🤖 AI Summary
This work addresses inaccurate modeling of depth discontinuities and occluded regions in stereo vision. We propose an interpretable 3D surface modeling method that integrates human-inspired monocular geometric priors with deep learning. Specifically, we embed an analytical monocular surface model—derived from cyclopean-eye geometry—into a stereo matching framework, leveraging monocular priors to guide the completion of occluded and textureless regions, thereby enabling joint optimization of geometric constraints and data-driven learning. Compared to state-of-the-art purely data-driven approaches, our method maintains competitive depth estimation accuracy while significantly improving the visual quality and structural consistency of output depth maps. It demonstrates enhanced robustness and generalization capability in downstream applications such as VR rendering and robot navigation.
📝 Abstract
We innovate in stereo vision by explicitly providing analytical 3D surface models as viewed by a cyclopean eye model that incorporate depth discontinuities and occlusions. This geometrical foundation combined with learned stereo features allows our system to benefit from the strengths of both approaches. We also invoke a prior monocular model of surfaces to fill in occlusion regions or texture-less regions where data matching is not sufficient.
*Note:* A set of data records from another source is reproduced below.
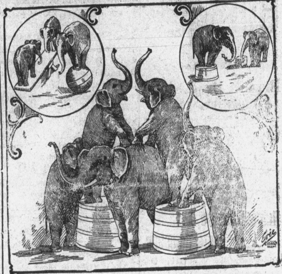
MAMMOTH MENAGERIE AND REAL HIPPODROME.

"The Rhoda Royal Shows was good, big and moral."—Worcester Spy, August 29, 1900.
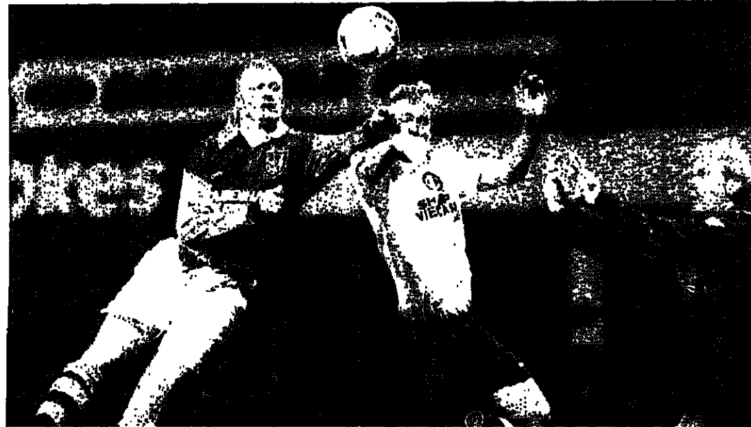
Still no delight for Dowie... West Ham's Ian Dowie attempts to end his goal drought as he challenges for the ball with Manchester United teammates David May and Peter Schmeichel.

Dumitrescu began the game, with his compatriot on the bench, but it was Redknapp's decision to
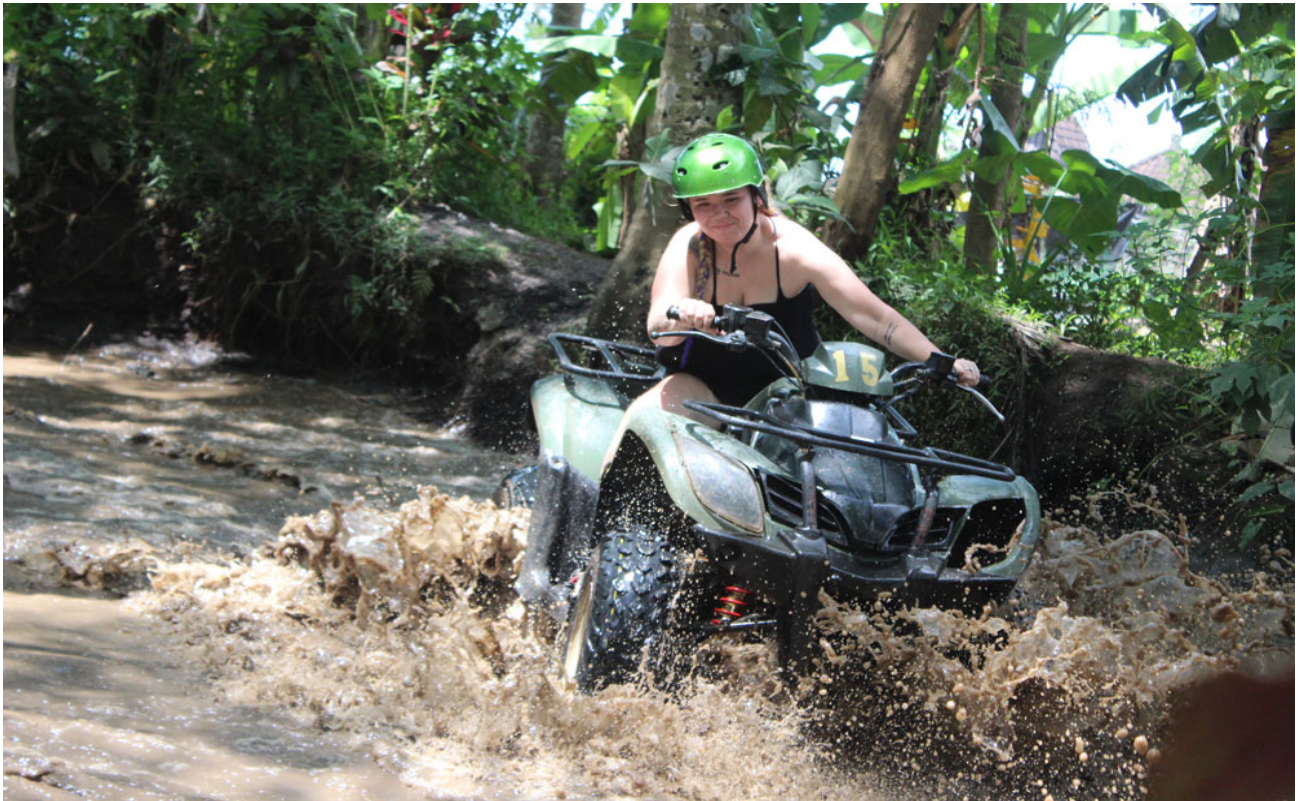
ATV Adventure at Bali Green Adventure
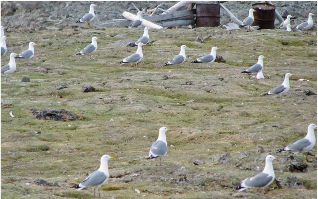
15 Taimyr Gulls / Taimyrmeeuwen Larus taimyrensis , adults in breeding colony, Mys Vostochny, Taimyr, Russia, 17 July 2008
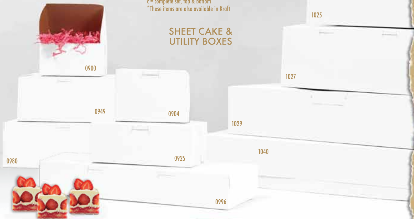
SHEET CAKE & UTILITY BOXES

Non-Window Boxes Cake Boxes Cupcake Boxes Pastry Boxes Pie Boxes Pink Bakery Boxes Sheet Cake Boxes Utility Boxes
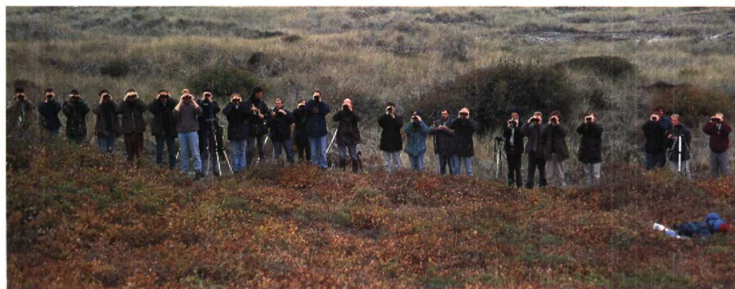
114 Central European Eurasian Treecreeper / Kortsnavelboomkruiper Certhia familiaris macrodactyla , Vijlenerbos, Limburg, 3 April 1994 (Max Berlijn) 115 Great Spotted Cuckoo / Kuifkoekoek Clamator glandarius , first-summer, Zuidlaardermeer, Groningen, 10 April 1994 (Eric Koops) 116 Hume's Yellow-browed Warbler / Humes Blackoning Phylloscopus humei , Lauwersoog, Groningen, 11 November 1994 (Koen van Dijken/Cursorius) 117 Dusky Warbler / Bruine Boszanger Phylloscopus tuscatus , Katwijk aan Zee, Zuid-Holland, 3 November 1994 (René van Rossum) 118 Birders at Dusky Warbler / vogelaars bij Bruine Boszanger Phylloscopus tuscatus , Hargen aan Zee, Noord-Holland, October 1994 (Rudi Otiereins)
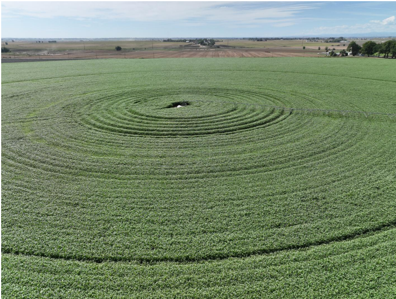
Photo 5. Drone aerial imagery taken north of well location, facing south (displaying the well).
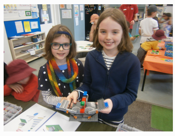
A Lego creation made during Bricks4Kids incursion

Although we have previously been able to use the pool during the summer months, this activity is currently under review by the SCC committee. This is due to a recent change in our licensing agreements with the childcare governing body. As soon as we have come to a decision, we will inform our families.
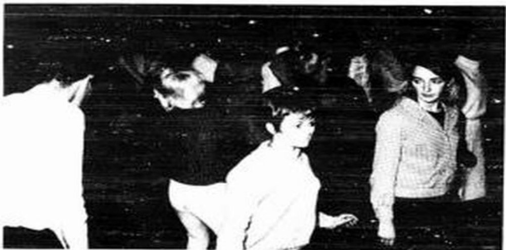
AT SURFRIDER CHARITY NIGHT
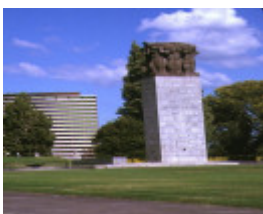
shrine of remembrance st kilda road melbourne ww2 memorial
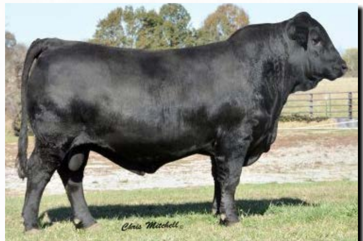
Final Frontier - Sire of Lot 19 Resident herd sire for C-Cross Cattle

Youngest bull in the offering but he's a good one! Pedigree is stacked with Bushwacker 41-93, Impact and Silver. Use this 75% bull to improve carcass and performance. Top 25% WW, Top 35% YW, and Top 3% REA. Homo Black and Homo Polled.

Our results already are on par with the state-of-the-art purely data-driven methods and are of much better visual quality, emphasizing the importance of the 3D geometrical model to capture critical visual information. Such qualitative improvements may find applicability in virtual reality, for a better human experience, as well as in robotics, for reducing critical errors. Our approach aims to demonstrate that understanding and modeling geometrical properties of 3D surfaces is beneficial to computer vision research.